O jornal conservador escreve que Salles veio “denunciar a desinformação das últimas semanas sobre a responsabilidade do governo Bolsonaro na aceleração do desmatamento da Amazônia”. À AFP ele declarou que veio "fornecer dados completos porque, nos últimos meses, muitas informações sobre os incêndios na Amazônia foram imprecisas". O desmatamento na floresta quase dobrou desde que Jair Bolsonaro chegou ao poder em janeiro de 2019, em comparação com o mesmo período do ano passado, mas à AFP Ricardo Salles declarou que é preciso examinar "todos os dados históricos" desde 2004 - 2005, quando "o desmatamento atingiu o triplo de hoje, antes de declinar e depois subir, ano após ano, a partir de 2012".

"Precisamos focar nas origens desse aumento", que ele aponta estar essencialmente ligado ao "desmatamento ilegal, que devemos combater". Segundo Le Figaro, o advogado de formação, contestado por suas posições a favor do agronegócio, recusa as críticas e as afirmações de que os drásticos cortes orçamentários em seu ministério contribuíram para o aumento dos incêndios. Para a Salvaguarda da Amazônia, Brasília propõe antes de mais nada uma resposta econômica. “Se quiserem ajudar o Brasil, invistam no país”, pediu.

Evolução da situação

Salles promete ao Le Figaro que a “situação dos incêndios na Amazônia vai melhorar rapidamente”. O jornal espera ver as provas fornecidas pelas imagens dos satélites.

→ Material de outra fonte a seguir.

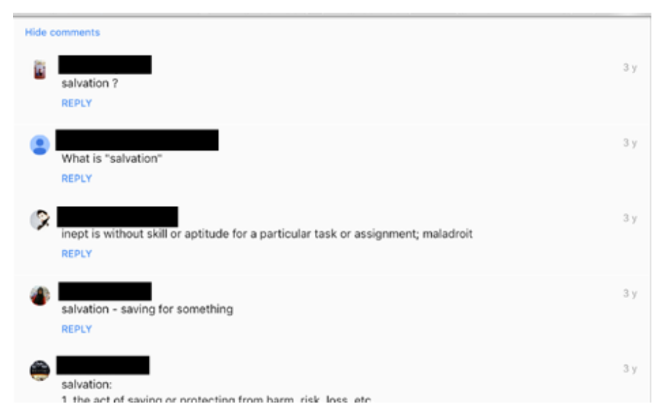
Fig. 2. Participants' interaction on Google+ (CO)

Classroom observation (CO) is used to triangulate the data for this section. Figure 2 shows a print screen from the participant interaction during Google+ classroom activities. Participants made full use of the Internet to look for meanings and definition of terms when asked by the teacher. The other participants benefitted from this activity by asking questions and providing their own version of the answer. It was observed that the roles of the teacher are as a facilitator - initiate, probe and also guide the participants to find the suitable answers. Based on the observation notes made by the researcher, this section of the interaction indicates that participants provide the meaning of new words they discovered with the help of Google search. Instead of the teacher providing the meaning and translation, participants helped each other in understanding of terms. The evidence indicates that the participants are independent students.

Questionado sobre as acusações de "colonialismo" feitas pelo presidente Bolsonaro em seu discurso na ONU, implicitamente contra a França, o ministro do Meio Ambiente lembrou à AFP as "relações históricas e fortes" entre a França e o Brasil, especialmente "em termos de investimentos".

No entanto, nenhum encontro oficial ou reunião política com autoridades francesas foi programada durante a visita de Salles a Paris. Tudo indica que a tensão diplomática entre os dois países, provocada pela reação de Bolsonaro à posição do presidente Macron sobre os incêndios na Amazônia, ainda não foi superada.

Da França, o ministro brasileiro do Meio Ambiente viaja para a Alemanha, onde deve tentar relançar o financiamento alemão para o Fundo Amazônia. Por fim, ele vai ao Reino Unido.